PROBLEM STATEMENT: Lines from the beginning of the material below through the line that has "正宗章丘手工鍛打鐵鍋圓底家用炒菜鍋木把禮品光面鍋老式鐵鍋" are to be reproduced exactly, but pictures are not.

SUPPLIED MATERIAL:
:::::

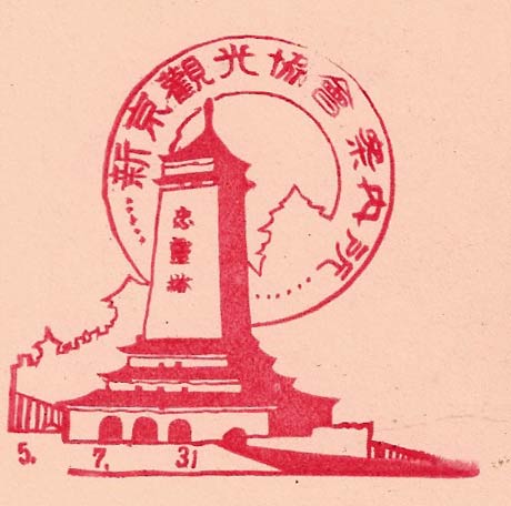 Tourist Cachet - Undated The picture shows the Mukden monument to the loyal dead, The text reads Peiling (Beiling) 北陵 (Northern tombs). Size 63mm dia. Known colours - Red |
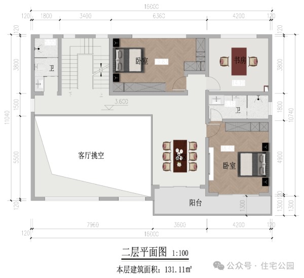 二层层高3.3米,挑空高度6.9米,设置双卧室,满足居住要求。
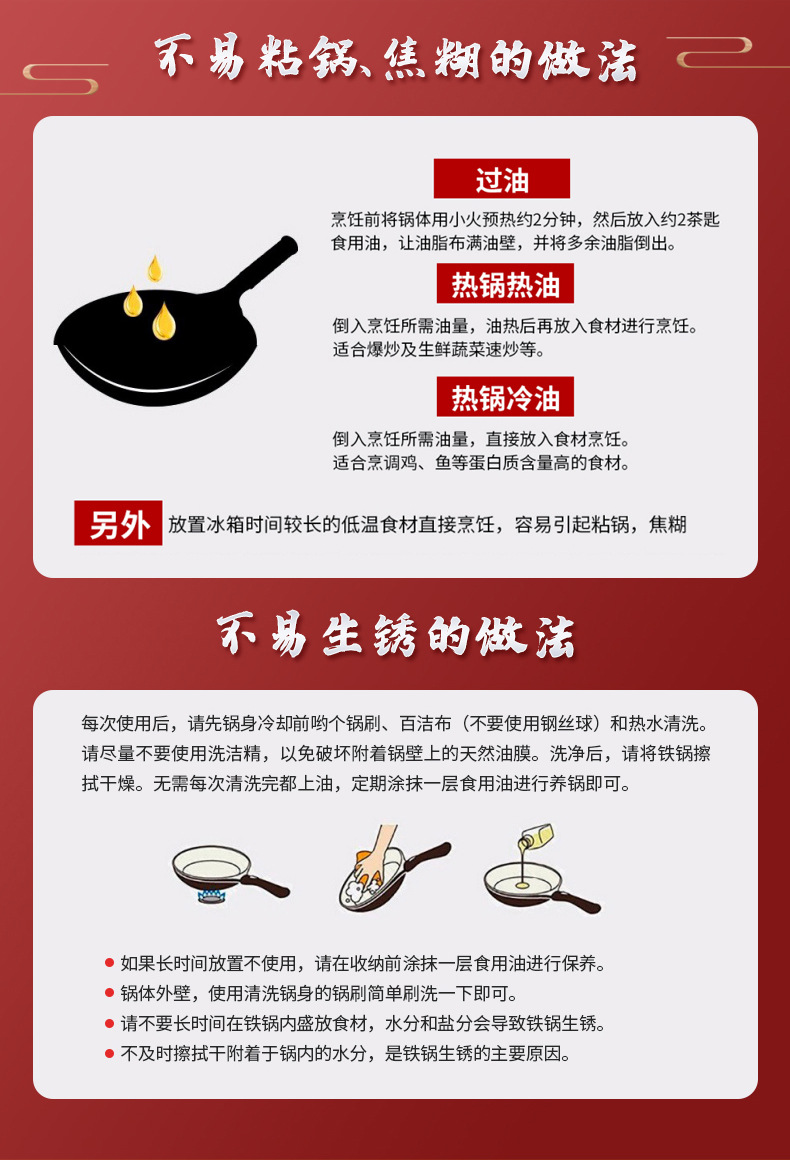 正宗章丘手工鍛打鐵鍋圓底家用炒菜鍋木把禮品光面鍋老式鐵鍋
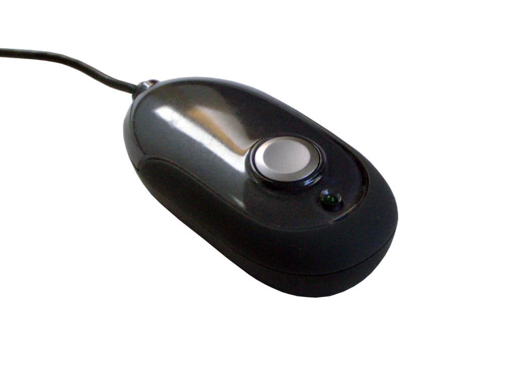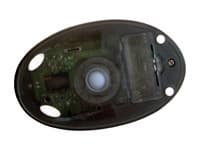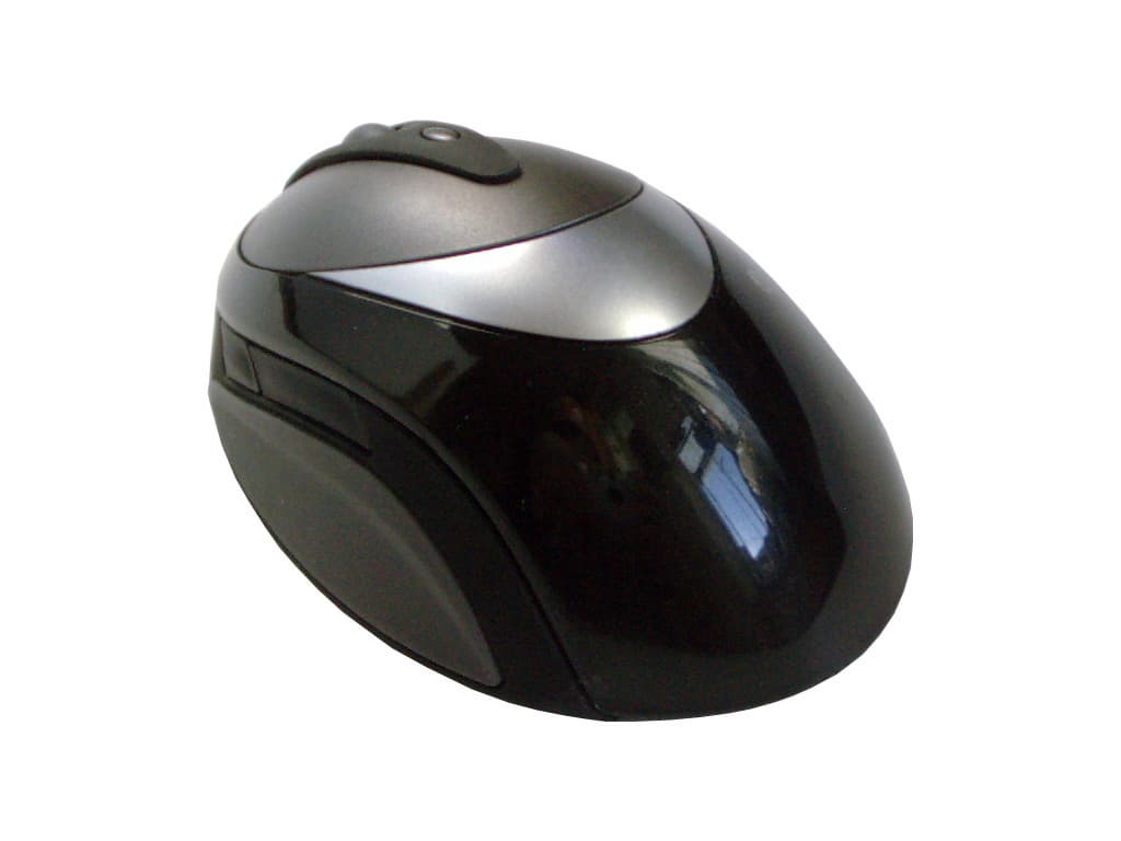 Начнем, пожалуй, с модели, которая меньше стоит — то есть, с оптико-механической Defender 2210. Как у любой беспроводной мыши у нее, естественно, имеется приемник радио сигнала. Именно на него, в первую очередь, я и обратил свое внимание — уж очень он привлек меня формой своего корпуса. Эдакий, космического вида, саркофаг с хвостом, только маленький, пластиковый, с кнопкой и зеленым глазом светодиодного индикатора. Кстати, будучи извлеченным из упаковки, на ощупь он кажется резиновым, хотя таковым не является и даже отдельных резиновых вставок на нем нет. Но, приемнику эти вставки и не нужны. Гораздо важнее для него, а, в конечном счете, и для пользователя, — интерфейсный кабель. В данном случае длина его оказалась вполне приемлема, для такого рода устройств, и составила 1.44м. А вот жесткость была чрезмерной и при малом весе самого приемника, из-за этой жесткости корпус весьма не уверенно чувствовал себя на рабочем столе. Другими словами, положение приемника в большой степени зависит от изгиба кабеля.

:::::

ANSWER SECTION:
 Tourist Cachet - Undated The picture shows the Mukden monument to the loyal dead, The text reads Peiling (Beiling) 北陵 (Northern tombs). Size 63mm dia. Known colours - Red |
 二层层高3.3米,挑空高度6.9米,设置双卧室,满足居住要求。
 正宗章丘手工鍛打鐵鍋圓底家用炒菜鍋木把禮品光面鍋老式鐵鍋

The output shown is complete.